Foley artists don’t often get moments to shine - step forward Athens based dancer and choreographer Ioanna Paraskevopoulou with her work MOS presented by Dance Umbrella.

The art of foley is the “reproduction of everyday sound effects that are added post-production to enhance audio quality”. And while the craft is of course a valuable skill…do we care enough to see it form the basis of a dance work?

Paraskevopoulou performs the work alongside her collaborator and co-dancer Georgios Kotsifakis and promises “energetic dance” as a by-product of the audio creative journey.

The experience is mixed, ranging from inventive to torturous; is that considered a win? Performing at the Barbican definitely is.

Review: MOS, IOANNA PARASKEVOPOULOU, Barbican Centre

The end of the work is much stronger than the beginning so I'll start there.
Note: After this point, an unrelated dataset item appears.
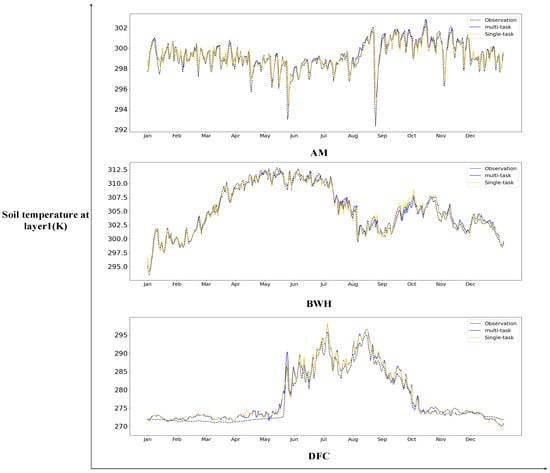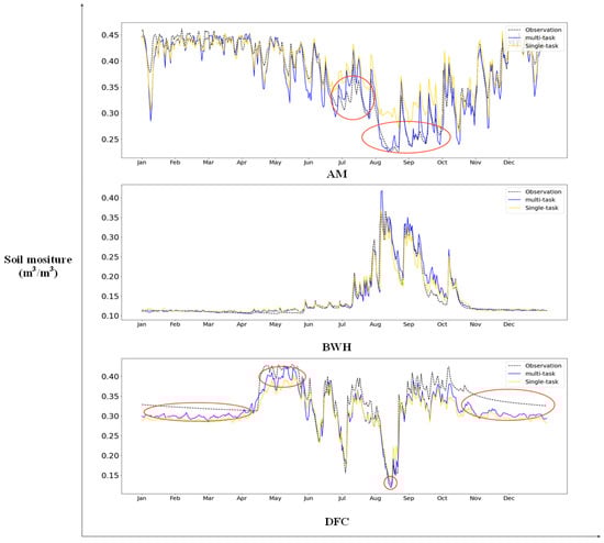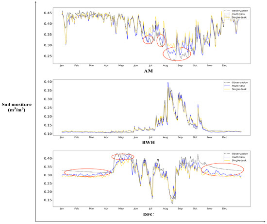 In the DFC region, characterized by harsh winters and consistently low temperatures, weak evapotranspiration results in relatively higher soil moisture. As temperatures rise in summer, evapotranspiration increases, coinciding with seasonal rainfall, leading to a dramatic increase followed by a sharp decrease in soil moisture. Figure 5 and Figure 6 for the DFC region show that, except for the period between June and September, the multitask model consistently outperforms the single-task model in other time periods. However, during the volatile period of intense SM1 observation changes from June to September, the predictive performance of the multitask model does not exhibit significant differences from the single-task model.

This successful section centres around tap dancing. Paraskevopoulou and Kotsifakis both perform an intermediate level tap routine, and with the help of a loop station create their own, layered soundtrack that they subsequently dance and keep adding to.

After a too lengthy period of the above, the individual, wooden stage platforms are turned over to reveal foam ones. They then proceed to execute the same steps, only this time without the real sound, and with the pre-recorded soundtrack instead. It's a clever moment, and highlights Paraskevopoulou's interest in audio and manipulation…but that's where the success ends.

The first half of the piece is as expected - foley. And I didn't find it hugely interesting to engage with, not helped by the confused structure and identity of the piece overall.

Initially the visual inspiration is shown from a screen on the stage which makes sense for the audience. We see Paraskevopoulou and Kotsifakis swishing in water for Esther Williams and coconut shells being galloped for Spaghetti Westerns etc. I'm not in denial of the level of skill and thought that's gone into everything, but nothing feels revelatory.

Review: MOS, IOANNA PARASKEVOPOULOU, Barbican Centre

Then for some reason the visual stimuli location changes to the back of the auditorium. Paraskevopoulou and Kotsifakis continue seamlessly, but the audience find themselves in a bizarre position: do we turn around to watch the visual and listen to the audio, or ignore the screened film and observe the physical sound? The theoretical quandary sounds intelligent as I write it down, but the reality is less engaging, verging on the chaotic. Neither feeling triumphant, and in due course becomes annoying.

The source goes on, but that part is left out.